Recuerda como cada vez que intentaba defender la comunidad lo
intentaban apuñalar en la puerta de su casa.

“Al inicio le insistimos mucho a la gobernación que nos apoyara, que nos ayudara
en una campaña contra la homofobia. Aun sabiendo que ya habíamos hecho un
estudio que dio como resultado que el ente más homofóbico de todo el
departamento era la misma gobernación de Sucre, específicamente la Secretaría
de Educación”, menciona Juan, mientras Luz continúa parada y mirando a los altos.
Nosotros estábamos atentos. Solo en algunos momentos sonaban unos acelerados
motores de algunas motos que llegaban como desafiando el pueblo. Cuando eso
pasaba, inmediatamente uno miraba a los escoltas, como tratando de sentirse
seguro y protegido al no saber qué pasaba afuera. Juan continúo contando cómo le
insistió tanto a la gobernación que lo apoyaran, no con dinero sino con logística y
facilitando algunos medios como espacios para hacer campañas, propaganda
desde la gobernación y brindándoles seguridad a las personas de la población que
estuvieran en riesgo.

“Yo les insistí mucho que vieran que podía pasarle algo a alguien, que teníamos
que cuidarnos. Lo que no sabía es que me podía pasar a mí.” Con esa frase cerró
contándonos cómo fue su atentado. Cómo desde hace años ha movilizado a la
comunidad LGTBI a no reprimirse, a no sentirse sola, a no alimentar el odio de todos
los que al verlos salir dicen “ahí va la marica, la zorra, la loca del pueblo”. Nos narró,
entre muchas cosas, la forma en que esa discriminación está sembrada en el seno
familiar de los habitantes sucreños, cómo hay padres dispuestos a pagar para que
sus hijas, autoidentificadas como lesbianas, “prueben lo que es comer
macho” porque -según ellos- eso es lo que les hace falta.

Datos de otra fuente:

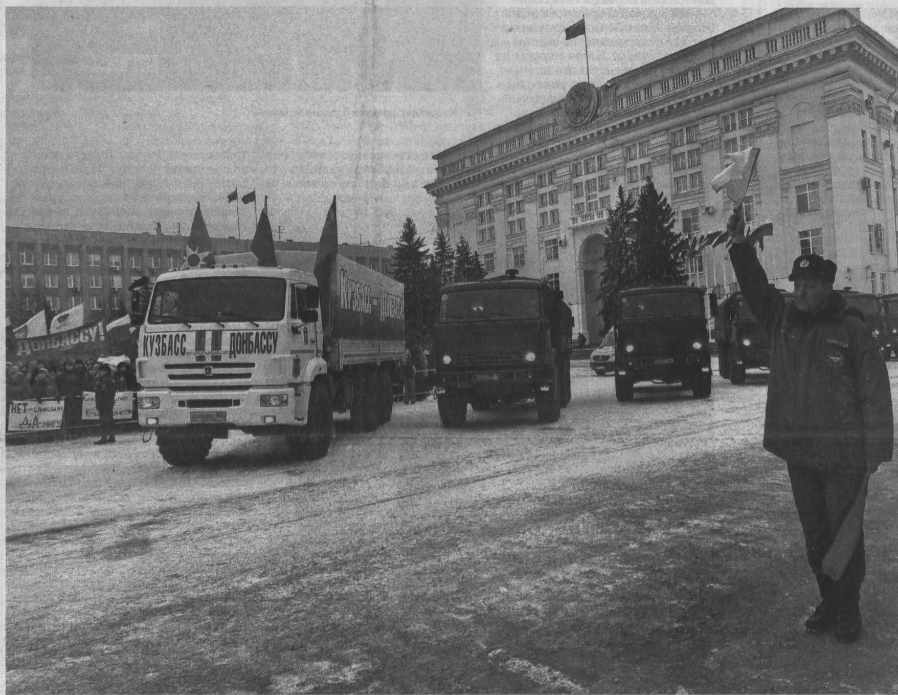
Команда «По машинам!», и колонна тронулась в путь.

Вчера из Кузбасса в разрушенный Донбасс ушла колонна грузовиков со стройматериалами, лекарствами, продуктами и вещами
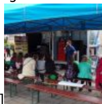
id="attachment_51905" align="alignnone" width="100"] KODAK Digital Still
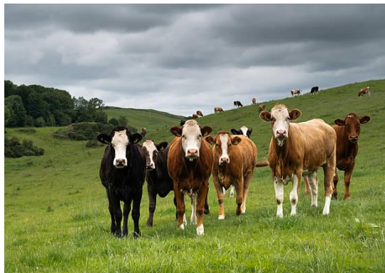
Imagen representativa de las especies involucradas

El 15 de mayo de 2026, el Ministerio de Desarrollo Rural y Alimentación de Grecia informó que intensificaron las acciones de control y bioseguridad frente a la Fiebre Aftosa (FA) en la isla de Lesbos, mediante una operación coordinada en coordinación con ELGO-DIMITRA, con el objetivo de contener la epizootia y proteger la producción ganadera local.
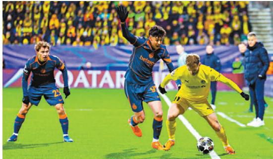
●國米（藍衫）在波杜基林特的「地獄主場」輸波而回。

香港文匯報訊（記者 張發兒）歐聯向來是冷門、奇跡頻現的舞台，來自挪威的波杜基林特正在書寫屬於他們的歷史，他們在昨日凌晨的歐聯16強附加賽首回合，主場爆冷以3：1擊敗國際米蘭，最近三場歐聯接連擊敗曼城、馬德里體育會及國米，刷新隊史歐聯連勝紀錄，次回合只要賽和或輸一球即可歷史性晉身16強。
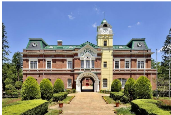
▲国指定重要文化財の牛久シャトー本館
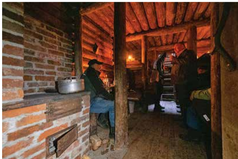
Punkris on kaks sisse ja väljapääsu, kuus nari ja pliit.
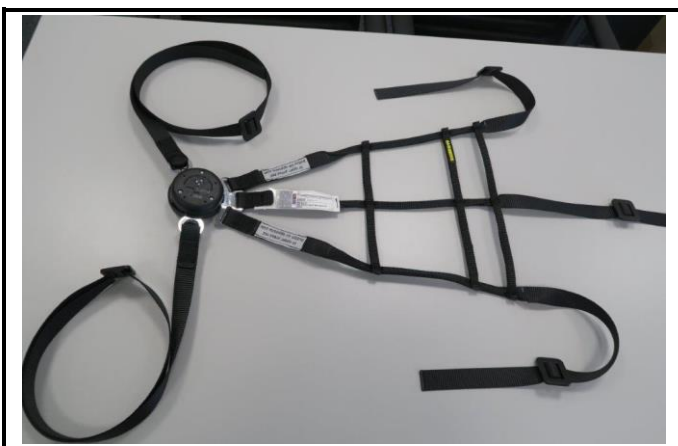
A1) Filet de course - photo vue de dessus (avant l'installation) Racing net – top view photo (before installation)
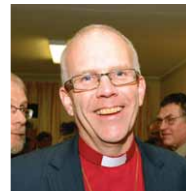
Bild från Biskopsvisitationen 2014.
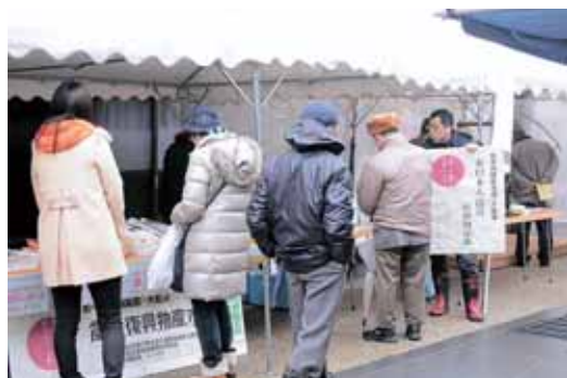
様々なイベントで被災地の物品販売をしました
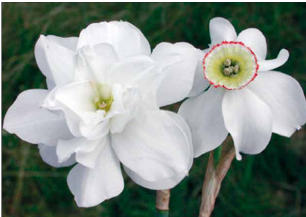
Fylt og enkel gammeldags pinselilje fra Ryvingen 04.06.2003.
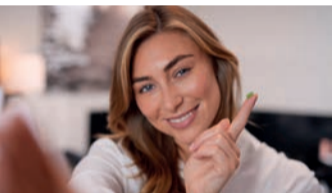
Bekommt man einen Splitter nicht richtig heraus, kann sich ein Eiterherd bilden.

„Autsch!“ Ein Splitter steckt im Finger. Man entfernt das störende Teil, Bakterien oder Viren gelangen dabei in den Körper. Der Finger wird rot und tut unangenehm weh. Exakt hier greift die grüne ilon Salbe classic ein. Haut-Entzündungen, die überall am Körper auftauchen können, schmälern das gesamte Wohlfühl. Viele Betroffene suchen nach einer Behandlungsmöglichkeit ohne Kortison. „ilon Salbe classic“ ist eine Allzweckwaffe für verschiedene Hautprobleme*, urteilen Apotheken-Kund:innen. Ganz natürlich geht durch die grüne ilon Salbe classic die Entzündung zurück. Das umliegende Gewebe wird weich. Unliebsame Splitter können schonend entfernt werden.
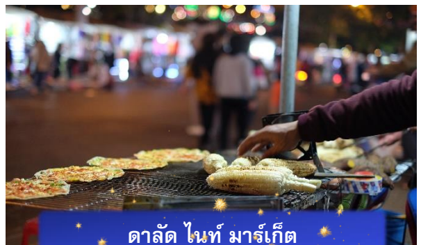
ดัลลัด ไนท์ มาร์เก็ต

The Western Hill ระดับ 4 ดาวหรือเทียบเท่า
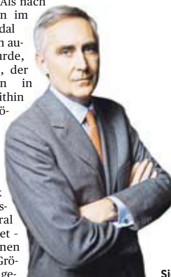
Siemens-Chef Peter Löscher

Der hatte vorher unter anderem beim US-Konzern Merck und beim Siemens-Rivalen General Electric gearbeitet - aber noch nie einen Konzern von der Größe wie Siemens ge-
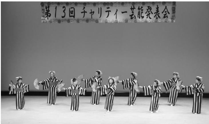
酔いましょ音頭で会場を盛り上げます
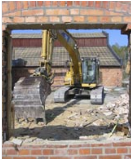
Rivning av rena delar av byggnad
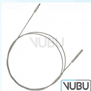
NABATOFF FLEXIBLES ROSTFREIES ZUGSEIL
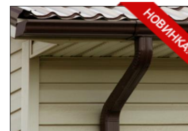
Водосточная система прямоугольного сечения

На всю продукцию выдается гарантийный талон.

Caía el sol con la tarde. No tuvimos tiempo de almorzar pero la experiencia nos
marcó tanto que nadie ni habló de ello, ya habría tiempo para comer algo en el
camino. Debíamos volver a pasar la noche a Sincelejo para retomar el camino a
Medellín. Fue una noche larga, de muchas reflexiones alrededor de un café que nos
tomamos antes de dormir. Eran más los silencios que lo que hablábamos, ni nos
mirábamos casi. ¿Qué sigue después de esto?, era lo único que podía pensar. Ni
sabía qué hacer con todo lo que había vivido ese día. Lo único que sabía era que
debía venir a Medellín y a narrar todo eso que encontré, porque todos hemos sido
víctimas de la violencia, de forma directa indirecta, y es nuestra tarea contarla,
hacer que otros sepan la historia de la Colombia que muchos no conocen.